Agreement is required between the Leader of the Opposition and the President for the appointment of the Commissioner of Police, the Chief Justice and the Chancellor of the Judiciary. The Constitution requires that there be agreement.
That agreement has not been forthcoming for many years now. Ever since the time when Robert Corbin was the Leader of the Opposition, agreement was not reached on the confirmation of both the Chief Justice and Chancellor of the Judiciary. Robert Corbin is no longer the Leader of the Opposition. There is a new Leader of the Opposition. Yet there remains no agreement on the appointment of the two top positions in the judiciary.
In fact it was reported that during the consultations on the appointment of the Chief Justice and the Chancellor, it was proposed by the Leader of the Opposition that there be a process that would involve persons being interviewed for the job.
This does not necessarily mean that the Leader of the Opposition was opposed to the confirmation of the acting Chief Justice and acting Chancellor. Instead, it was indicated that what was being suggested was a process that would allow for the best persons for those two top positions to be found.
The Constitution, however, does not speak to any panel. It speaks to agreement between the President and the Leader of the Opposition. It is part of a process of constitutional change, intended to give the opposition a more meaningful role in certain appointments. It is power-sharing through consensus. Like other consensual mechanisms, this one has failed. It has led to gridlock.
The suggestion of a panel does not help break the gridlock that arose over the appointment of these two positions. Let us perchance suppose that the proposed panel throws up some names. What happens then if there is no agreement amongst the country’s foremost political leaders? It effectively makes a mockery of the process. On the other hand, if there is gridlock on the appointment, then a way has to be found to break the gridlock.
But why should there be gridlock? Gridlock only arises if there can be no agreement, and this can only result if the candidates proposed by the President are not agreed to by the Leader of the Opposition and vice versa. This can be the only basis for gridlock. In other words, why would there be a need to find the best person other than if the existing appointees are not considered as the best persons?
The opposition says that its proposal for a panel to interview candidates for the posts is to ensure that the best persons for the two positions are found. This is why it is saying it proposes a panel as a means to break the gridlock. But is it not at the same time implicitly saying that the best persons cannot be found between the two leaders at the moment? Since the government is proposing the two incumbents and the opposition is proposing a panel to interview candidates, it can only mean that the opposition does not view the President’s nominees as the best candidates, or it wants a wider process to satisfy itself that the best candidates are found.
So it has to be one of two things. Either the opposition is not in agreement with the two candidates, or it wants a wider process to ensure that the best person is selected. But as mentioned before, what happens if that process turns up names on which there is no agreement? Gridlock ensues again.

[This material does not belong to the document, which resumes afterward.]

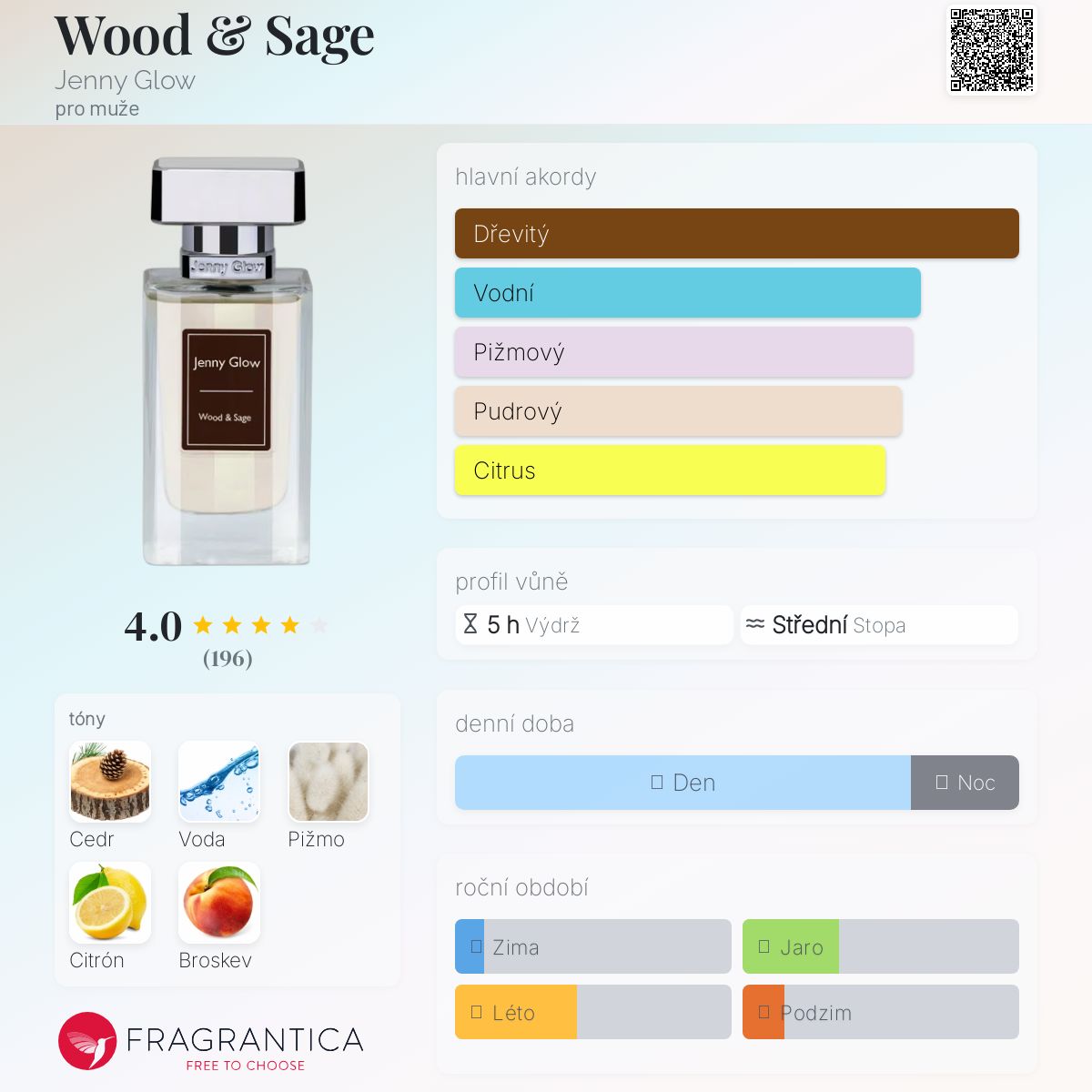 Wood & Sage podle Jenny Glow je vůně pro muže. Vrchní tón je Citrón ; střední tóny jsouVodní tóny a Broskev ; základní tóny jsou Cedr a Pižmo.

What makes the situation all the more interesting is that while the opposition broached this proposal for a panel to interview candidates for the position of Chancellor and Chief Justice, it was presented with the opportunity to do the same in relation to the appointment of the Commissioner of Police.
How strange it is that the opposition did not call for a panel to be empanelled to consider suitable applications for the position of Commissioner of Police. Indeed the opposition claimed that the acting Commissioner was the best man for the job. It found the best man without having to go to a panel. Therefore why can it not find the best jurists for the positions of Chief Justice and Chancellor without also having to go to a panel?
The opposition has a lot of questions to answer about the swiftness with which they moved to agree on the appointment of the Commissioner of Police, even while they held on to the position that for the positions of Chief Justice and Chancellor of the Judiciary, a panel should be established to find the best persons for the job.